I have just read an interesting article in New Scientist by Dr Susan Blackmore, a writer and psychologist based in the UK. The article is called 'Evolution's third replicator: Genes, memes, and now what?' Essentially the article is proposing that there are 3 evolutionary processes now on Earth.
- genes, the copying of characteristics through DNA
- "natural" human memes, such as spoken words, habits, fashions, art and religions
- "artificial" memes, such as websites and high-tech goods
"Or think of Google. It copies information, selects what it needs and puts the selections together in new variations - that's all three [copying, varying and selection]. The temptation is to think that since we designed search engines and other technologies for our own use they must remain subservient to us. But if a new replicator is involved we must think again. Search results go not only to screens for people to look at, but to other programs, commercial applications and even viruses - that's machines copying information to other machines without the intervention of a human brain."
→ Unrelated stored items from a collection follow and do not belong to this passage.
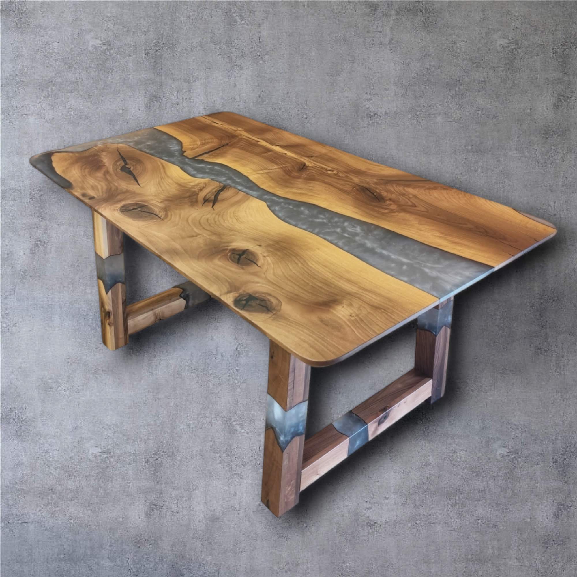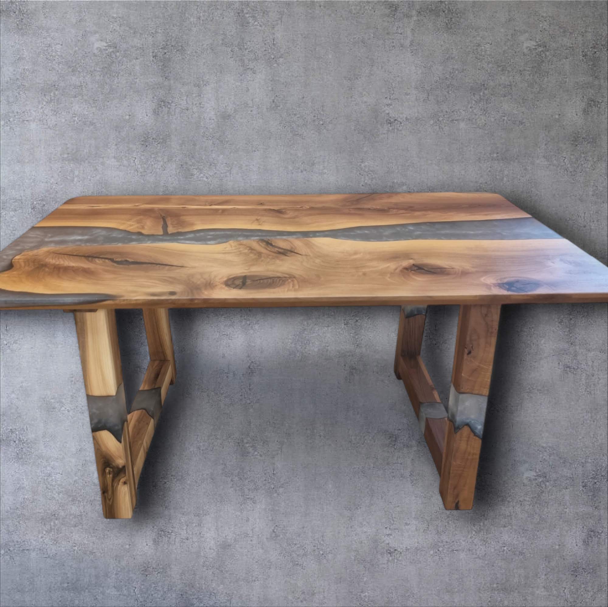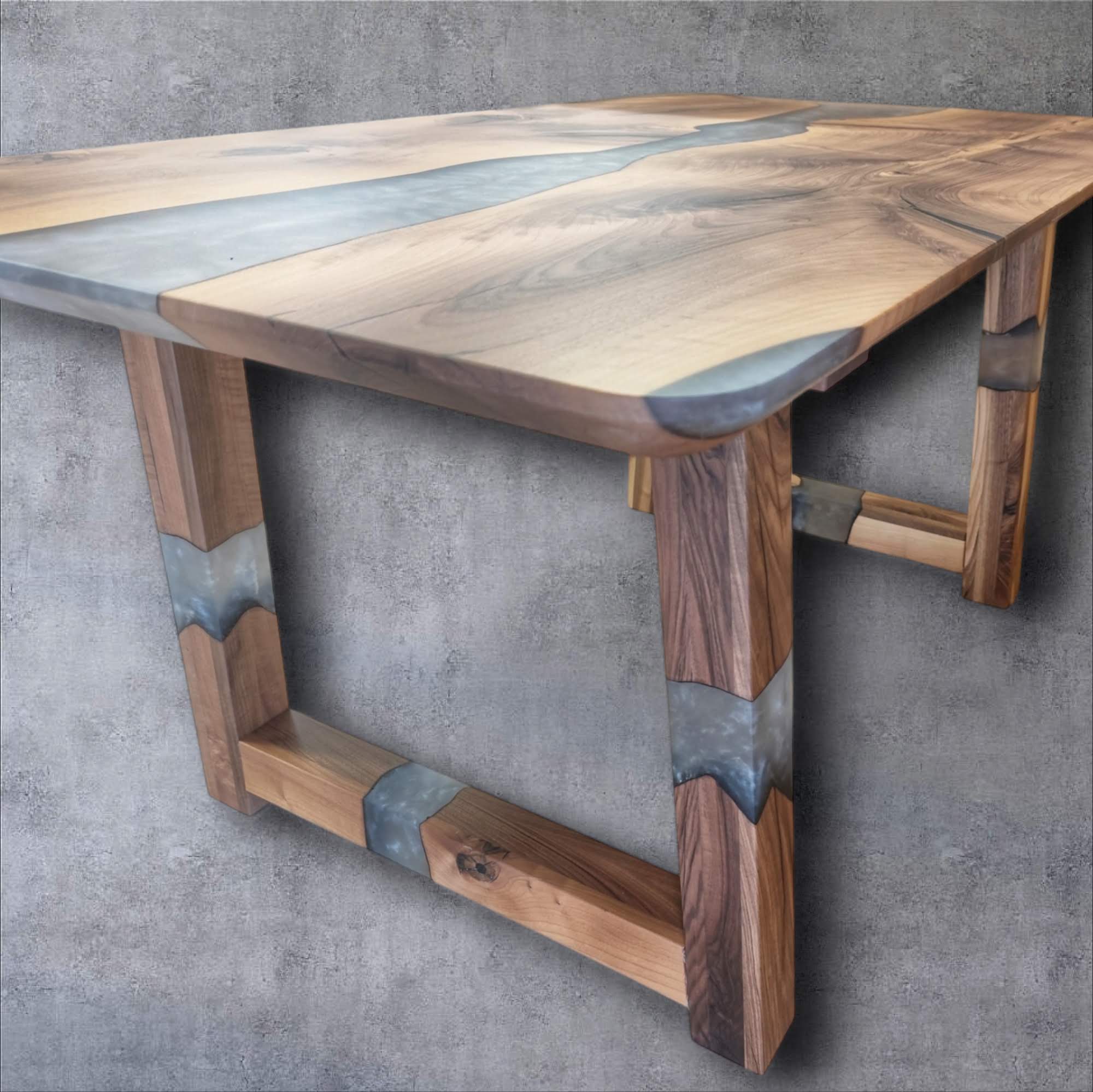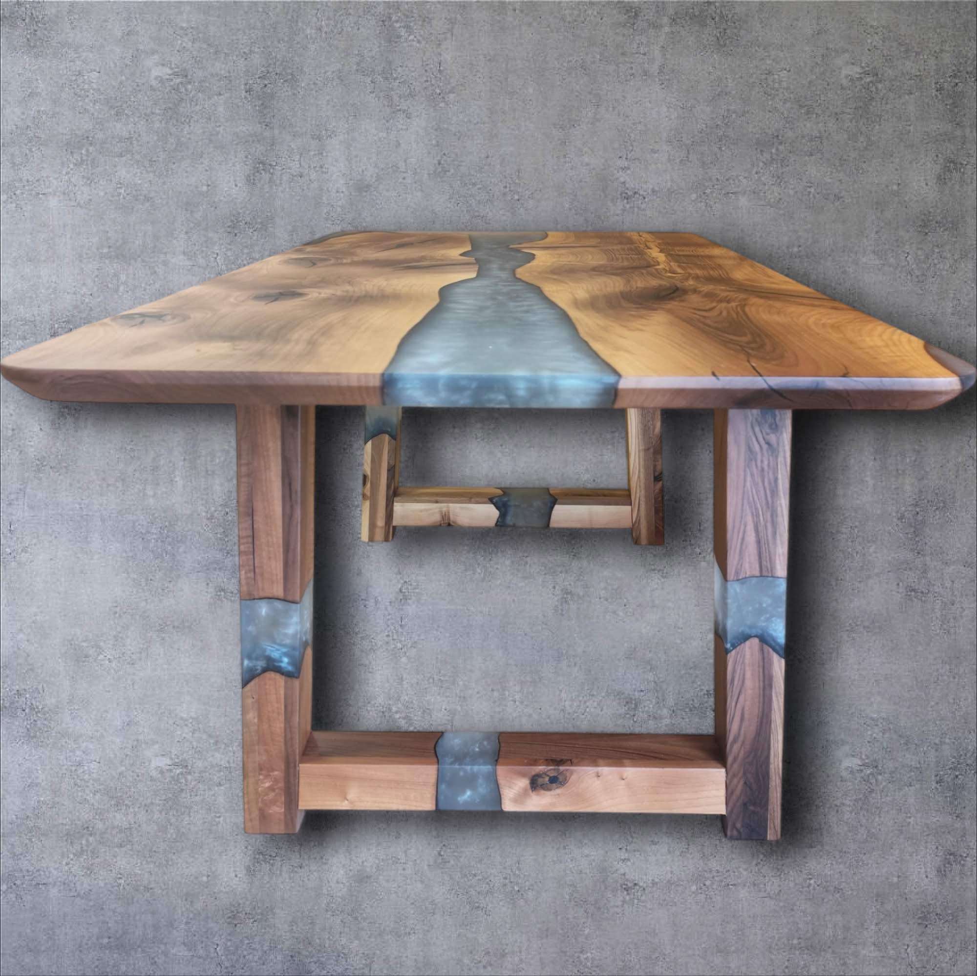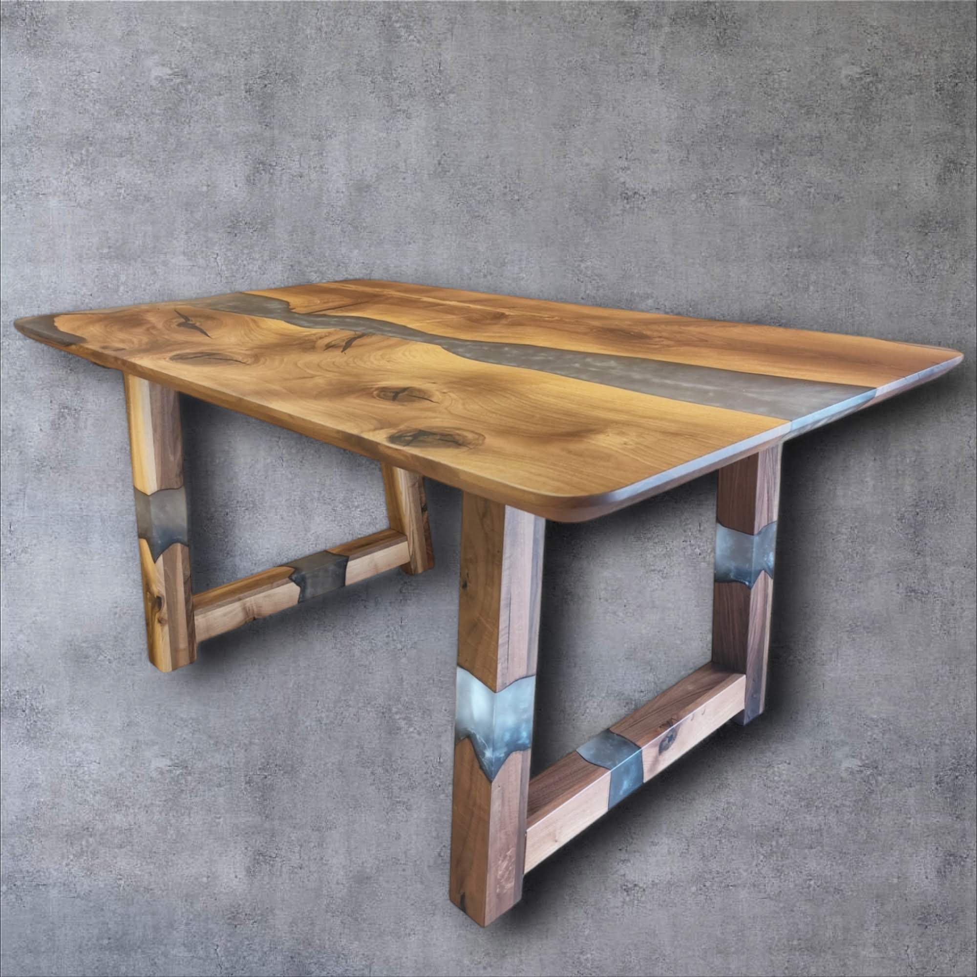 Masivna jedilna miza iz lepljene plošče evropski oreh z dodatkom epoksi smole in unikatnim podnožjem
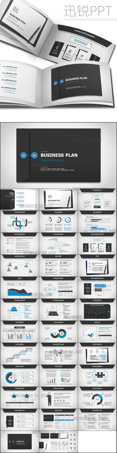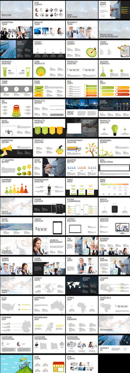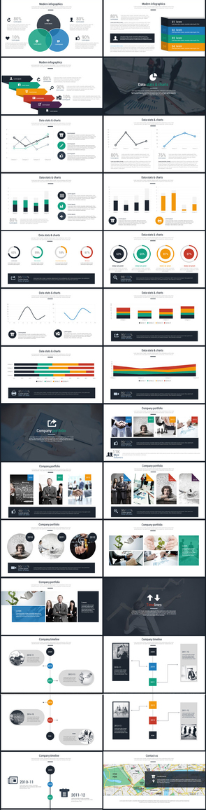 125页商务图形图标多种配色年终总结计划统计PPT模板
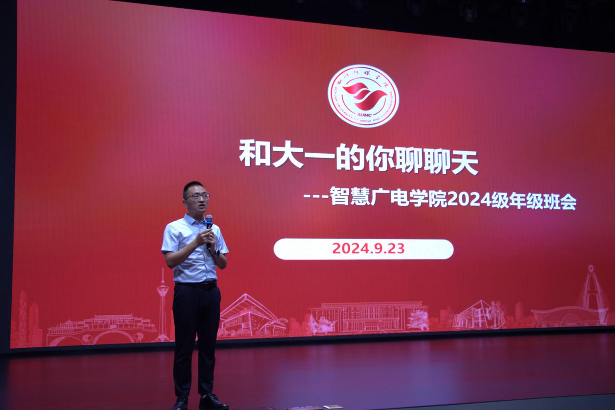 9月23日是2024级新生第一天正式上课,晚间,智慧广电学院在西区学术报告厅召开“和大一的你聊聊天”年级大班会帮助同学们明确未来发展方向,树立崇高目标理想。近400多名智慧广电学院2024级新生参加此次活动。会议由智慧广电学院党委副书记陈亮书记主讲。

"Last year Google announced that the web had passed the trillion mark, with more than 1,000,000,000,000 unique URLs. Many countries now have nearly as many computers as people, and if you count phones and other connected gadgets they far outnumber people. Even if we all spent all day reading this stuff it would expand faster than we could keep up.
Billions of years ago, free-living bacteria are thought to have become incorporated into living cells as energy-providing mitochondria. Both sides benefited from the deal. Perhaps the same is happening to us now. The growing web of machines we let loose needs us to run the power stations, build the factories that make the computers, and repair things when they go wrong - and will do for some time yet. In return we get entertainment, tedious tasks done for us, facts at the click of a mouse and as much communication as we can ask for. It's a deal we are not likely to turn down."